Arctic fish fossil quite a find
It was a lumbering, wide-headed creature with tiny, close-set eyes, and it likely had to wait on a stream bottom for its prey to swim within reach. But when that happened, watch out! One powerful chomp, with fangs up to 1 1/2 inches long … .
Rest assured that this scenario comes from the distant past — 375 million years ago, more or less — but a team of scientists from Philadelphia, Harvard and Chicago breathed new life into it earlier this month.
They announced the discovery of this 6-foot-long prehistoric predator found in a harsh rockscape 700 miles north of the Arctic Circle. Dubbed Laccognathus embryi, it was among various kinds of fish that had developed bony, muscular “lobed” fins — the precursors of limbs.
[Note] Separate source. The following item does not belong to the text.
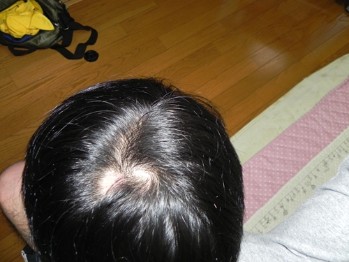 こんばんは、eitaroです。今日は、水槽は、何も触りませんでした。変化なしです。 タイトルが気になると思いますが、頭にじゅうえんだまハゲが出来ました。右側がつむじ。左側が疑惑のじゅうえんだまです。しばらく前から、できものが出来て、気になってはいましたが、嫁さんの母が、eitaroがはげているって言われました。私は、実際に見たことがないので、子供に写真を撮ってもらいました。かなりショックですね。後ろからの視線が気になります。病院に行こうか、非常に悩む所です。 スケルトンビー 最前面に出てきてくれました。お尻のところに貝がかぶっていますが、一番卵の様子がわかるのでUP。 それと竹炭に活着させた、プレモス。エビなし画像でした。 休みも今日までの方が多いと思いますが、明日からお仕事頑張りましょう! eitaro
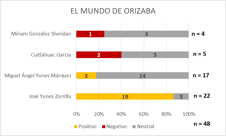 José Yunes Zorrilla obtuvo más notas en “El Mundo de Orizaba”, “Al Calor Político” y “La Jornada”.

The team included paleontologists Jason P. Downs and Ted Daeschler from the Academy of Natural Sciences in Philadelphia, along with Harvard University’s Farish A. Jenkins Jr. and the University of Chicago’s Neil Shubin, who have been studying these kinds of creatures for years.
Mr. Daeschler, Mr. Jenkins and Mr. Shubin are best known for their 2006 discovery of another ancient fish, Tiktaalik roseae, which had a very unfishlike neck and limb-like fins that may have allowed it to creep onto land for brief periods.